Ele teve o preço reduzido em quase todas as capitais, exceto em Belém (5,42%). As quedas mais importantes foram anotadas em Campo Grande (-40,04%), Rio de Janeiro (-37,77%), Brasília (-31,48%) e Belo Horizonte (-31,16%).

Por outro lado, alguns alimentos pesaram mais no bolso no brasileiro. Diversos fatores influenciam nos preços do alimentos. A baixa disponibilidade interna da farinha de trigo, a menor produção de trigo na Argentina e na Ucrânia e a preocupação com a menor oferta mundial resultaram em aumento dos preços, com repasse para a farinha e o pão francês.

Pelo segundo mês consecutivo, o preço do quilo do pão francês subiu em todas as cidades. Entre abril e maio, as altas mais expressivas foram observadas no Rio de Janeiro (3,82%), em Salvador (3,79%) e Belém (3,66%).

Segundo o Dieese, o leite integral registrou aumento de preços em 17 cidades, entre abril e maio. As maiores elevações foram em Natal (7,63%), Recife (7,42%) e Vitória (6,80%). Os preços são reflexo do crescimento da exportação, a queda nas importações e a entressafra reduziram a quantidade de leite disponível e influenciaram a valorização dos derivados lácteos, como o queijo muçarela e o leite UHT.
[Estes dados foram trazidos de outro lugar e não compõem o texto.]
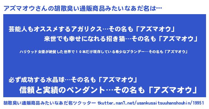 | ヘコむあだ名 | 『アズっちょ』『アズマオウ(震え声)』 |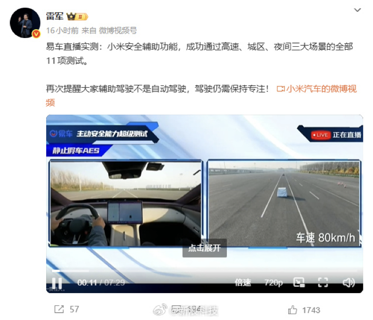 在新车信息曝光的几乎同时,小米创始人雷军亲自在微博转发了小米城市领航辅助驾驶的实测视频,为技术实力背书。此举被业内视为在华为、小鹏等强手林立的智能驾驶赛道,进行的一次高调“亮剑”,旨在强化用户对小米智驾能力的信心,为新车上市铺路。

O feijão também teve alta em 12 capitais. O tipo carioquinha aumentou em todas as capitais onde é pesquisado e as taxas variaram entre 0,10%, em Brasília, e 14,35%, em Goiânia. Já o preço do feijão preto, diminuiu nas cidades pesquisadas, exceto em Florianópolis. A queda mais expressiva foi no Rio de Janeiro (-4,20%).